─── SUPPLIED MATERIAL

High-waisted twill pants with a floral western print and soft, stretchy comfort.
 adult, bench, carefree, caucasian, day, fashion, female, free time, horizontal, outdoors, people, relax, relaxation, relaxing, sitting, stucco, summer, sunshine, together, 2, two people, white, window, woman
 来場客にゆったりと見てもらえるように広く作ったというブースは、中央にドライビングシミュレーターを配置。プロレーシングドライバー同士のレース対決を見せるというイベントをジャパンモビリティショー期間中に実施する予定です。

──────
─── SUPPLIED MATERIAL

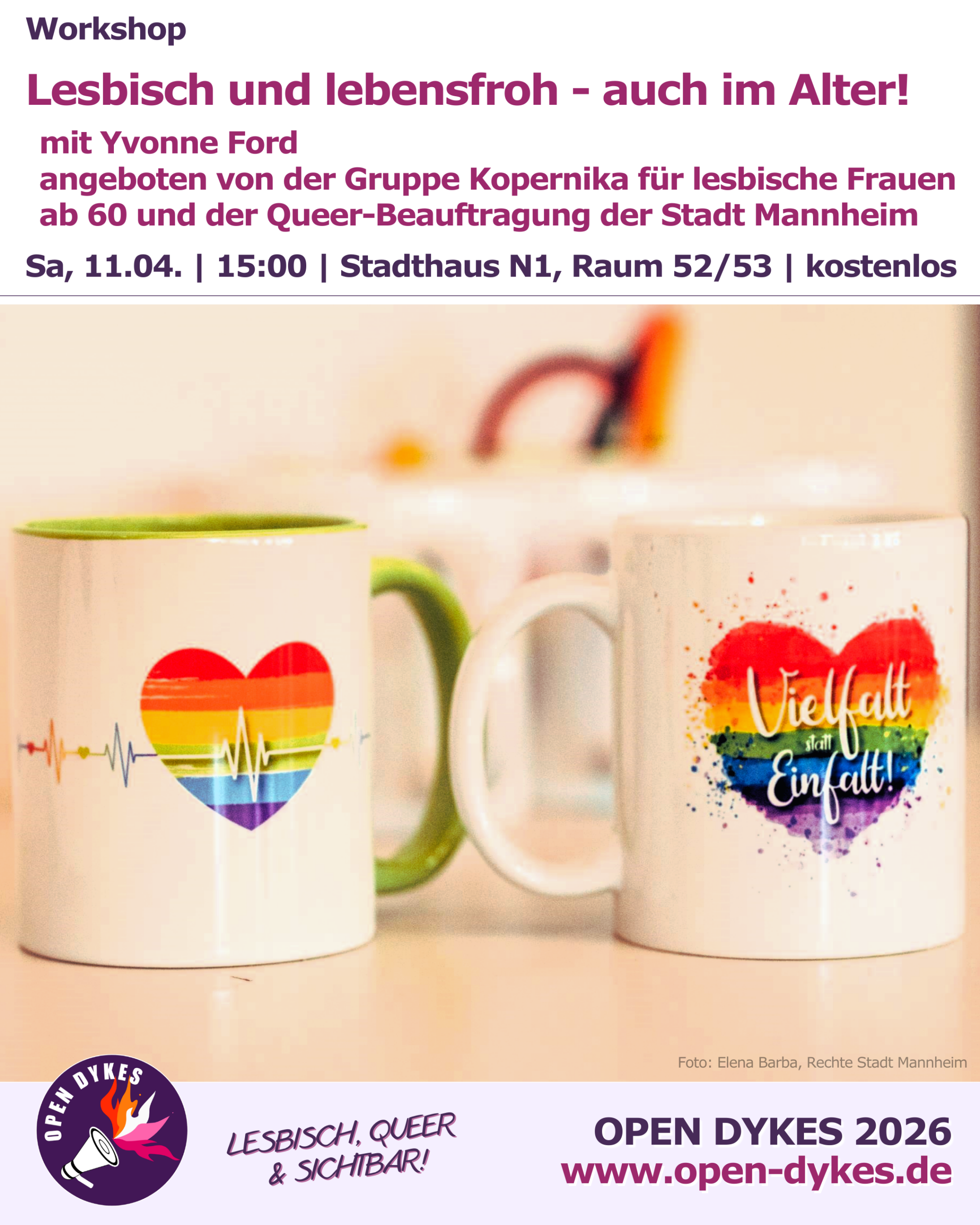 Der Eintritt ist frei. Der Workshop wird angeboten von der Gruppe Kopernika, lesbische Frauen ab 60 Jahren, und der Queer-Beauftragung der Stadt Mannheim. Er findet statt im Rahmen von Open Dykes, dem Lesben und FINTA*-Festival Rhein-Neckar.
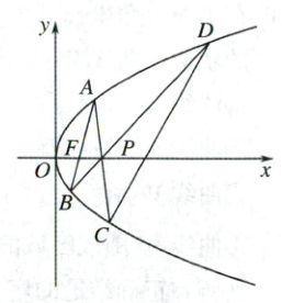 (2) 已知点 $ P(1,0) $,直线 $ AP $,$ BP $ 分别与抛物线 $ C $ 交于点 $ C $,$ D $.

──────

PROBLEM STATEMENT: Reproduce exactly the lines above from the line with "adult, bench, carefree, caucasian, day, fashion, female, free" to the line with "来場客にゆったりと見てもらえ", including both, and add nothing.

RESULT BELOW:
 adult, bench, carefree, caucasian, day, fashion, female, free time, horizontal, outdoors, people, relax, relaxation, relaxing, sitting, stucco, summer, sunshine, together, 2, two people, white, window, woman
 来場客にゆったりと見てもらえるように広く作ったというブースは、中央にドライビングシミュレーターを配置。プロレーシングドライバー同士のレース対決を見せるというイベントをジャパンモビリティショー期間中に実施する予定です。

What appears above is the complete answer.